Brief — Omit the pictures and output exactly the lines from the start of the entries through the line containing "Der Video Editor".

** Opening Data block **

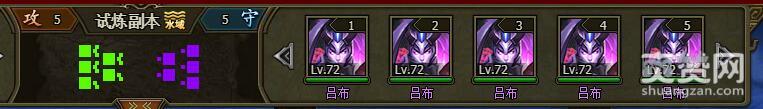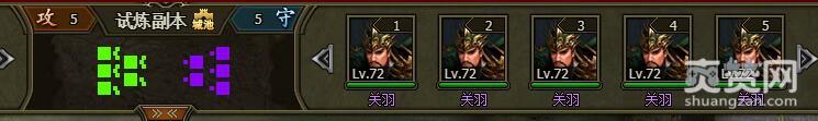 我们试着挑战一下困难难度的关羽,进入战场,战场地形是城池,对手是5个关羽72级。
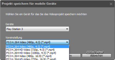 Der Video Editor 6 kennt auch viele Ausgabegeräte und die notwendigen Voreinstellungen für eine optimale Wiedergabe auf diesen. Gibt man das Gerät vor, bietet der Dialog verschiedene Profile für dieses Endgerät, die ebenfalls noch editiert werden können.
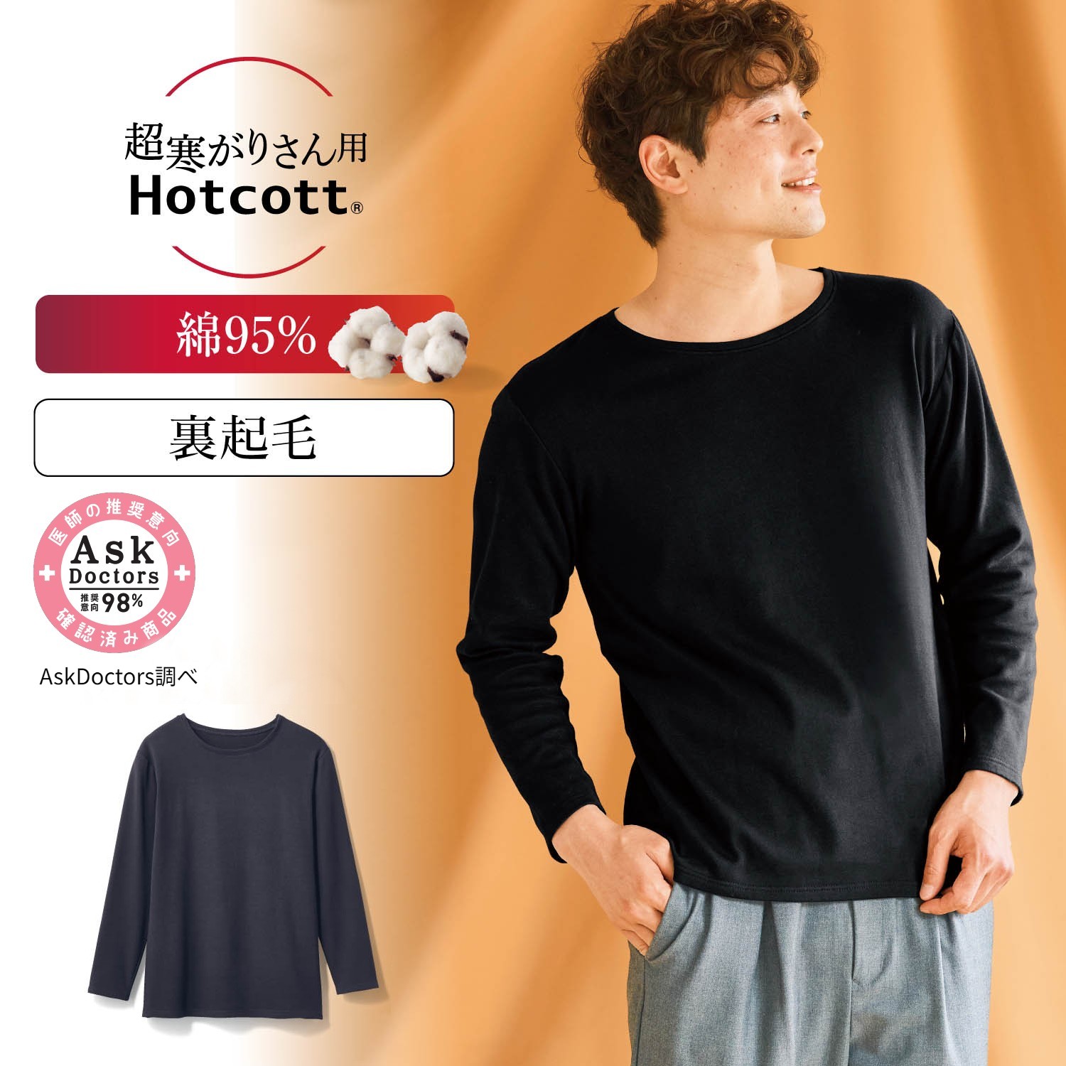 ブラックチャコールオフホワイト —デザイン・スタイリング— ・寒くてインナーを何枚も重ね着してしまう、という超寒がりさんにおすすめ ・身体のラインを拾いすぎないシルエットで、カットソー感覚で着られる ・アウターの襟もとから見えてもサマになるネックデザイン —素材— ・ホットコットの発熱機能に裏起毛が合わさったハイブリットな生地 ・ふっくらとした肉厚の生地が空気を含んでさらに保湿性アップ ・シリーズ史上最強にあたたかい着心地 ◆Hotcott(ホットコット)お客様のお悩みや暮らしに寄り添って開発した、 ベルメゾンオリジナルの綿混あったかインナーシリーズ。 着た瞬間から暖かいのはもちろん、綿の優しい肌触りでかゆくなりにくく、 乾燥から肌を守ってくれるなど、 こだわりの詰まったアイテムを多数取り揃えています。 医師100名の98%がホットコットを勧めたいと評価しました。 ※AskDoctors調べ※資料と素材(綿100%ホットコットの布片)を提示の上、デザイン・価格などを除き、商品の機能のみを判断基準に評価いただいています。「ホットコット(Hotcottを含む)」は、株式会社千趣会の登録商標です。 (S)胸囲(80〜88)肩幅36.5、、袖丈55.5、身丈68cm (M)胸囲(88〜96)、肩幅38.5、袖丈56.5、身丈70cm (L)胸囲(96〜104)、肩幅40.5、袖丈57.5、身丈72cm (LL)胸囲(104〜112)、肩幅42.5、袖丈58.5、身丈74cm (3L)胸囲(108〜116)、肩幅44.5、袖丈59.5、身丈76cm ●綿95%、ポリウレタン5%(裏起毛)●吸湿発熱機能●中国製 ※こちらの商品は肌側起毛素材のため、縫い付けラベルによる表示を使用しております。 当店では商品の在庫を複数店舗で共有しているため、予定しているセールの開始前に 売切れが発生し販売開始後も「売切れ」表示の場合がございます。 あらかじめご了承くださいますよう、よろしくお願いいたします。
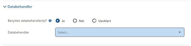 Dersom det benyttes databehandlere, skal dette oppgis her. Svar «Ja», «Nei» eller «Uavklart» i dette feltet. Dersom du svarer «Ja», skal databehandleren velges fra nedtrekksmenyen. Dersom du svarer «Uavklart», skal dette undersøkes omgående og oppdateres i registreringen.
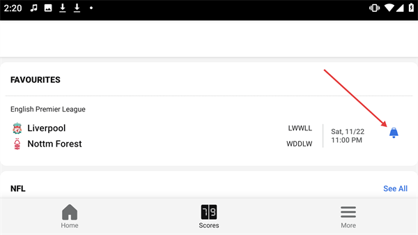 2、在关注的联赛(如英超)和球队(如Liverpool)旁,点击铃铛图标可设置比赛提醒,及时获取比赛时间通知。
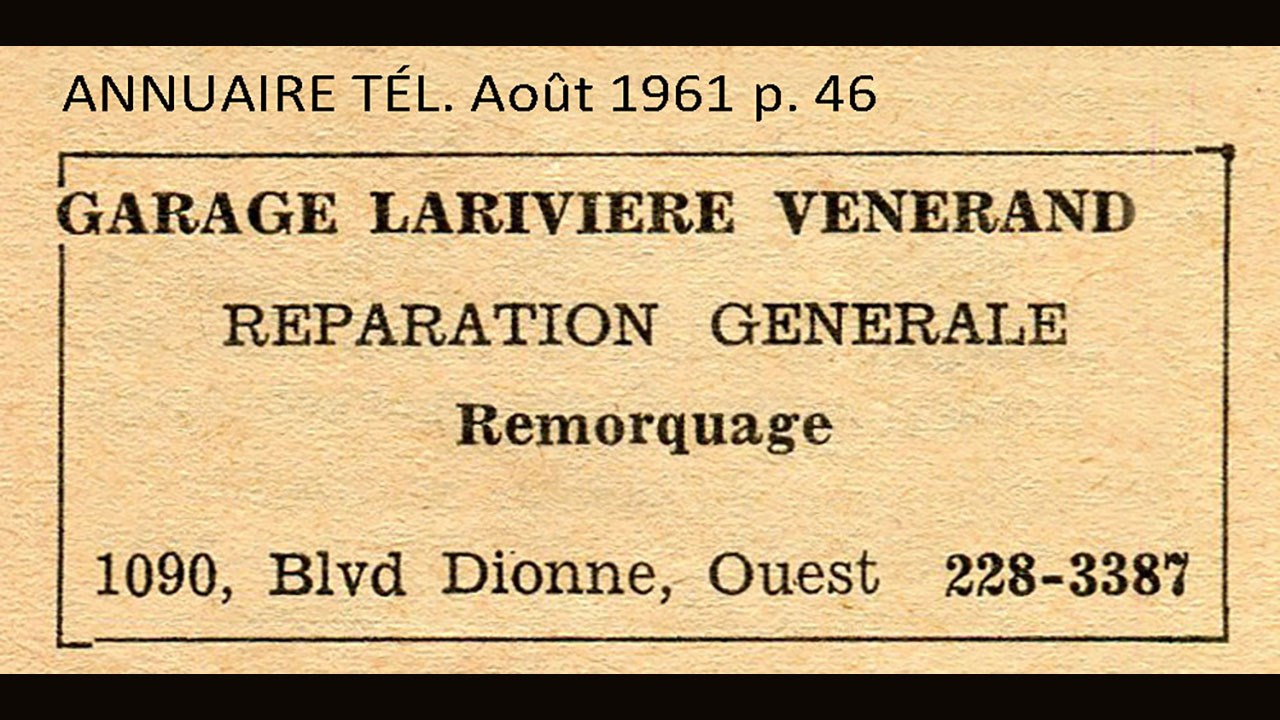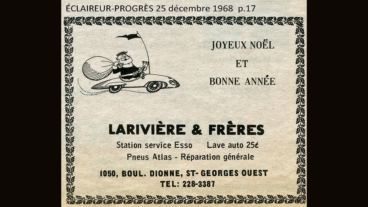 Photo 1 du fonds Claude Loubier. Photo 2 publicité dans l'annuaire téléphonique d'août 1961 et photo 3 publicité parue dans l'Éclaireur-Progrès du 25 décembre 1968 p. 17. Texte et recherches de Pierre Morin.
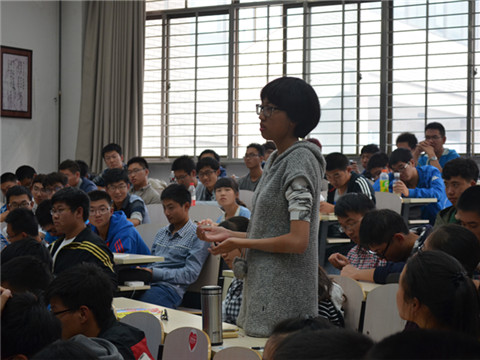 在最后的提问环节,赵明山教授亲切地对同学们的问题一一作出了回答。针对“物理专业就业前景不好”这一质疑,院长本人对此做出了相应回应,他明确指出了这一看法的局限性:首先作为一所综合性大学,它的培养目的并不是为了供给对口专业的需求,而是培养情商、智商得到全面提升、并具有更高综合素质与能力的高水平人才;其次,就总体来讲,我院毕业生的就业率也是位居全校前列的,且由于物理作为基础学科,涵盖了社会生活中的方方面面,就业范围十分广泛,很多物理学子不仅具有极强的逻辑思维能力及动手操作能力,更有较高的工作能力以及扎实的专业基础,也因此受到了各企业的青睐,成为管理阶层的人员;另外,我院历年来选择深造的情况也相当乐观,条件也十分优越,其发展前景也是十分广阔。此外,院长还强调,读大学绝不仅仅是为了毕业,宝贵的大学时光不能荒废,而是要紧紧抓住用来夯实学业基础、发展兴趣爱好、提升综合能力,成为高水平、高素质、全面发展的综合性人才,建议大家在广泛打好学科基础的同时发现自己的专长和兴趣,确立人生目标,并鼓励同学们抓住机会,走进实验室了解前沿研究,与指导老师多多沟通交流。
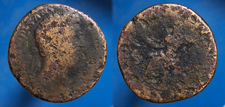 I like the nice smooth Domitian but am not a fan of the rough Commodus. I have plenty of rough coins but really prefer wear to corrosion. I am reminded of my most worn Claudius which can be identified to the reverse if you know the series. I liberated it from a junk bin because of its surfaces and patina. Perhaps VG/Fair???
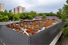 A drónnal készült képen egy bevásárlóközpont viharban megrongálódott tetőszerkezete Debrecenben 2025. július 7-én.
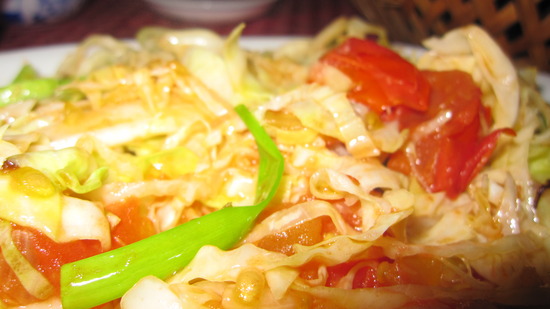 Bắp cải xào cà chua ăn với cơm nóng rất tuyệt.
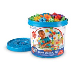 Learning Resources Gears, Gears, Gears! Super Building Set is a new spin on an old favorite! New colors add a bright, modern look while updated pieces make for easier building for younger children. Features plastic meshing gears, connectors and interlocking bases that offer hundreds of 3-D possibilities. Works with all Gears! Gears! Gears! building sets. Set of 150 also includes an activity guide. Ages 3 and up.
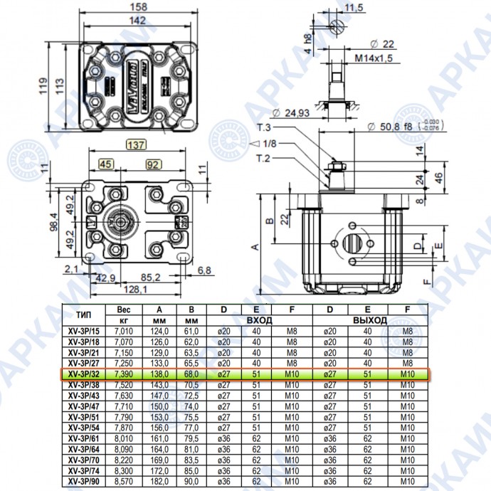 Гидронасос Vivoil X3P7401ABBA (XV-3P/32) 3 гр, 32.27 см3, до 91.96 л/мин, Ø20, M10, левое вращение
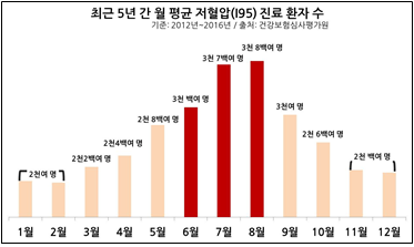 여름철이 되면 기온, 습도, 불쾌지수까지 모든 것이 높아지지만, 한 가지는 떨어질 수 있다. 바로 혈압이다. 높은 기온은 혈관을 확장시키고 더운 날씨로 쉴 새 없이 흐르는 땀은 혈액량을 감소시켜 혈압을 떨어뜨린다. 그래서 여름철의 고온다습한 날씨는 저혈압이 초래되기 쉬운 환경이다. 실제로 건강보험심사평가원(이하 심평원)에 따르면 최근 5년간 저혈압 환자는 여름(6월~8월) 사이에 가장 많이 병원에 방문하고 있는 것으로 드러났다.
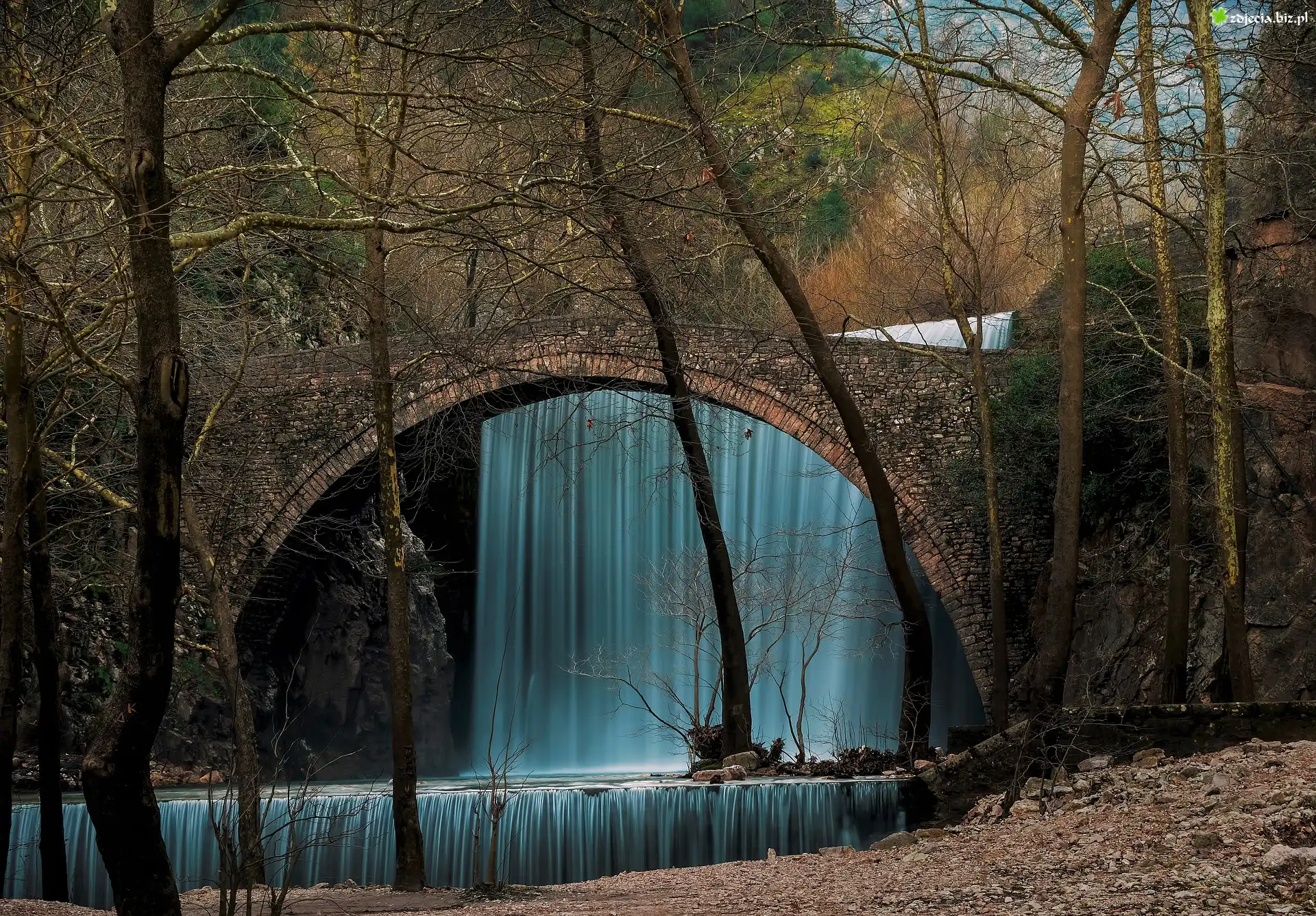 Zdjęcie Wodospad, Palaiokarya waterfalls, Drzewa, Rzeka Pinios, Kamienny, Most, Trikala, Grecja
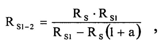 - расчетную величину удельного поверхностного сопротивления RS1-2 отдельного резистивного слоя с положительным ТКС определяют из величин удельного поверхностного сопротивления взаимочередующихся нанослоев по формуле:
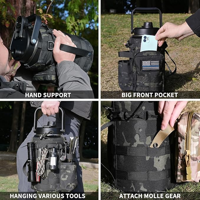 • 【Tactical Bag For Easy Carring】:Our water bottle holder is made of double-layer polyester and insulating Oxford cloth, which provides protection for the water jug. The water bottle bag also adds warmth, making it more effective in maintaining cold or hot. It has a detachable shoulder strap for carrying and a hand support strap on the side for easy pouring of water. Water bottle carrier bag has MOLLE webbing attachments and a large storage compartments for your phone, keys, wallet and more.
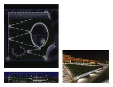 Exterior lighting diagrams and night photograph - Photo Credit: (left) AWA Lighting Designers Inc. © New York City, NYC Parks; (right) © Paul Warchol Bushwick Inlet Park has a high performance building envelope and mechanical systems, and energy modeling calculates it will save 51% of energy compared to Ashrae 90.1-2004 baseline.
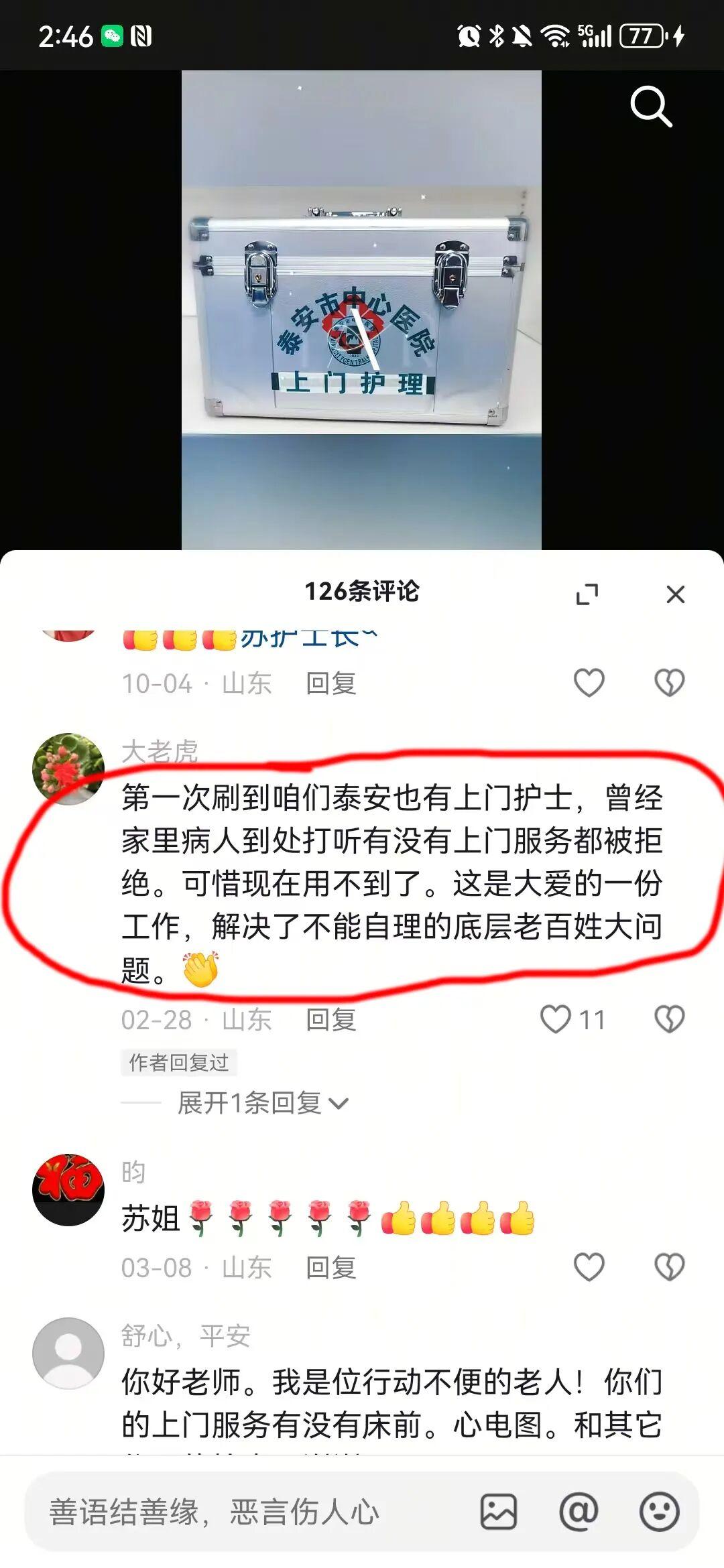 有一次,一位长期卧床的老人尿管脱出,已一天一夜未排尿,家人焦急万分。由于此前曾尝试过其他医院的上门护理未果,这次他们直接联系了泰安市中心医院。到达现场后,苏晓燕迅速评估病情,成功为老人重新置管并导出满满一袋尿液。当尿液流出的瞬间,老人的脸上也已泪流满面。苏晓燕说:“看到阿姨流泪的时候,我的心里也在跟着流泪。自己儿女不在身边,家里人连水都不敢给老人喝,整整一天一夜啊,可想而知老人有多难受,他们只能靠我们这些医护人员。”
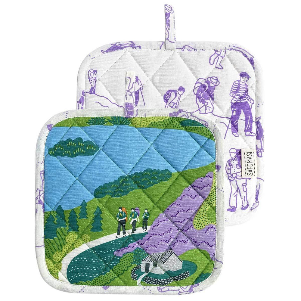 Fun printed pot holder with a colourful print of outdoor adventures inspired by the Lake District
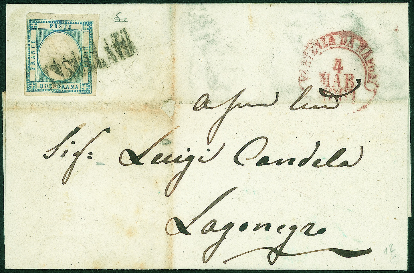 Antichi Stati Italiani - Province Napoletane - Lettera con bollo Annullato senza cartiglioSu 2 grana azzurro chiaro per Lagonegro con bollo Partenza da Napoli 4 MAR.1861 in colore rosso (20 P.ti12 cat.5500) - firma Luigi Gazzi
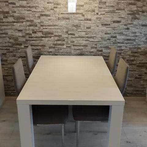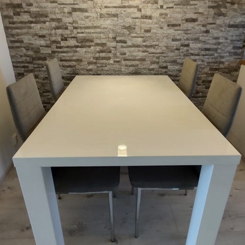 Pöydän päälle teetetty lasi. Lasia käytetty heti alusta alkaen, joten pöydän pinta kuin uusi lasin alla.
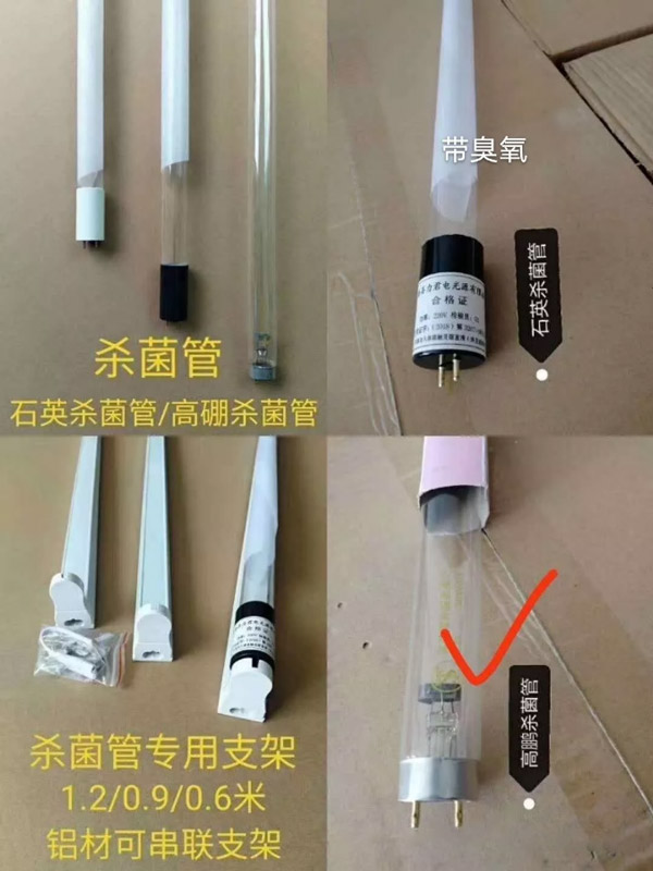 但市面上目前分為兩種消毒燈,一種是高硼管,一種是石英管,如下圖所示,高硼管紫外線殺菌燈的結構 (UV燈)實際上是屬于一種低壓汞燈,和普通日光燈一樣,利用低壓汞蒸汽(<10-2Pa)被激發后發射紫外線。不同的是日光燈的燈管采用的是普通玻璃,253.7nm紫外線不能透出來,只能被燈管內壁的熒光粉吸收后激發出可見光。如果改變熒光粉的成分和比例,它就可以發出我們通常所見的不同顏色的光。

** Closing Data block **

The answer —
 我们试着挑战一下困难难度的关羽,进入战场,战场地形是城池,对手是5个关羽72级。
 Der Video Editor 6 kennt auch viele Ausgabegeräte und die notwendigen Voreinstellungen für eine optimale Wiedergabe auf diesen. Gibt man das Gerät vor, bietet der Dialog verschiedene Profile für dieses Endgerät, die ebenfalls noch editiert werden können.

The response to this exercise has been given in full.